Its possible the switch WAS bad, and when you replaced it you mixed up the common and the travellers. 

Its also possible that the other switch was bad or both were, but first make sure you've got your wiring straight on the new switch.


EDIT - Regardless - you should make it a point to replace 3 way switches in pairs. If one goes, replace them both. 

My guess is, you mixed up the wiring. The travellers are interchangeable - but common and traveller are not. If you mix them, you have no bridge from power to load, the fuse box to the light.


----------



## mcvane (Mar 19, 2007)

*3 way switch?*

If this is a 3 way switch, maybe somewhere in this chain there is a hot wire touching the metal plate inside the switch (or touching another wire).

Basically, we moved into a house with a similar situation. It was a single switch though. The wiring at the light itself was a problem. A wire was touching the light fixture housing causing the breaker to shut off.

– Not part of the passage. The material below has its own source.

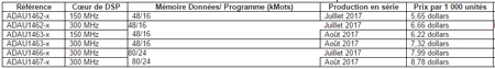 Par rapport à leurs concurrents, les DSP de la série ADAU146x se caractérisent par des performances de traitement parallèle, une flexibilité et une évolutivité système hors pair.. La disponibilité d’un cœur DSP de faible coût cadencé à 150 MHz et d’un cœur DSP cadencé à 300 MHz permet aux concepteurs de systèmes de disposer de solutions de rechange pour les applications traditionnelles ou plus exigeantes. Le cœur cadencé à 300 MHz exécute jusqu’à 1,2 GMACs, exécutant 6 144 instructions à la fréquence d’échantillonnage audio de 48 kHz. Les convertisseurs de fréquence d’échantillonnage asynchrone (ASRC) stéréo intégrés, la matrice de routage des signaux audio et une mémoire RAM intégrée deux fois plus importante que celle des DSP de génération précédente simplifient l’exécution d’algorithmes très exigeants. Le générateur d’horloge flexible avec boucle à verrouillage de phase (PLL) intégré peut produire simultanément jusqu’à 15 échantillons audio.

Another weird situation (since you say kitchen), is that we had a weird switch that basically was wired "ON" in both positions (I'm sure it violated code). In the 'up' position, it would turn on the light. In the 'down' position, the power to the range hood light/fan activated!

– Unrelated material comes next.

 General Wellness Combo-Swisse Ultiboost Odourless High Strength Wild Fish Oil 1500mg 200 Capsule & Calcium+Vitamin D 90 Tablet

I rewired that to correct the problem. Maybe you have a weird situation like that?


----------



## J187 (May 19, 2006)

mcvane said:


> If this is a 3 way switch, maybe somewhere in this chain there is a hot wire touching the metal plate inside the switch (or touching another wire).
> 
> Basically, we moved into a house with a similar situation. It was a single switch though. The wiring at the light itself was a problem. A wire was touching the light fixture housing causing the breaker to shut off.
> 
> ...


 
MUCH more likely a common/traveller mix up, lets rule that out first.


----------



## HouseHelper (Mar 20, 2007)

A traveler/common mixup will not cause the breaker to trip, it will only screw up the switch operation... and the white wire connected to the 3-way switch is NOT a neutral.

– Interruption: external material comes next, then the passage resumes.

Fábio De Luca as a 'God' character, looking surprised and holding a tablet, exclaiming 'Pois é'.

If this started all of a sudden, with no removal of switches or fixtures, I would suspect a problem at the light fixture. Possibly insulation damage due to excess heat or a poor connection at a wirenut. Remove the fixture (breaker off), taking note of how it is connected, and look for wire damage or loose connections.


----------



## Stubbie (Jan 7, 2007)

J187.... please explain how a traveler mixup would trip the breaker? It might create a problem with not being able to turn the light on/ off at one location or the other but not trip a breaker. If you read the thread the tripping breaker was occuring before she changed out the 3-way.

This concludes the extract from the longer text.